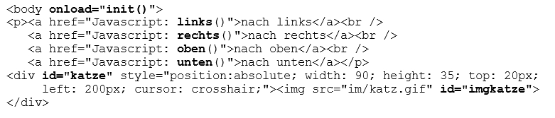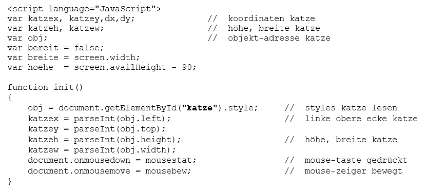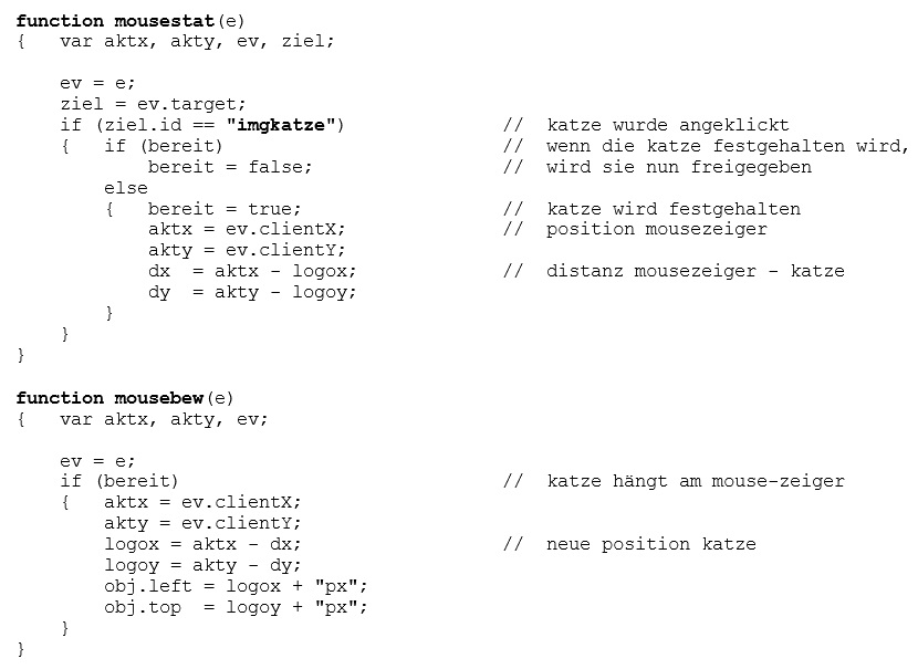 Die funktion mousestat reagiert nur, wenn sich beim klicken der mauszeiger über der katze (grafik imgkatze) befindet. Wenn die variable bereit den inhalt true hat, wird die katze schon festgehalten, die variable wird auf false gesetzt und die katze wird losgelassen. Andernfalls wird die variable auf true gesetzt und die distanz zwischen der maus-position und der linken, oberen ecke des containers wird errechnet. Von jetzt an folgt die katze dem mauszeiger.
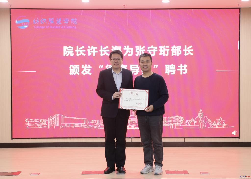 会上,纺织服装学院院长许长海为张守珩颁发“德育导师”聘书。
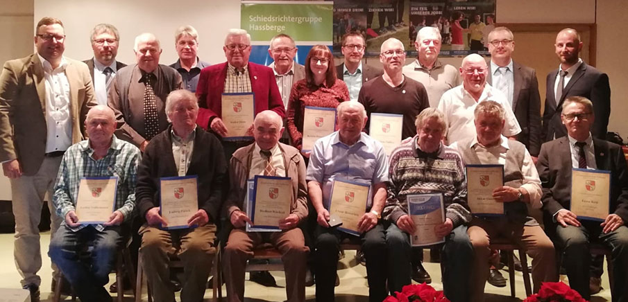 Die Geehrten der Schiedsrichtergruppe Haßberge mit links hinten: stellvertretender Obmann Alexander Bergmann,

* _DESCRIPTION OF THE TASK_
Give the data above again, exactly, with every picture removed.

* _TASK RESULT_
 Die funktion mousestat reagiert nur, wenn sich beim klicken der mauszeiger über der katze (grafik imgkatze) befindet. Wenn die variable bereit den inhalt true hat, wird die katze schon festgehalten, die variable wird auf false gesetzt und die katze wird losgelassen. Andernfalls wird die variable auf true gesetzt und die distanz zwischen der maus-position und der linken, oberen ecke des containers wird errechnet. Von jetzt an folgt die katze dem mauszeiger.
 会上,纺织服装学院院长许长海为张守珩颁发“德育导师”聘书。
 Die Geehrten der Schiedsrichtergruppe Haßberge mit links hinten: stellvertretender Obmann Alexander Bergmann,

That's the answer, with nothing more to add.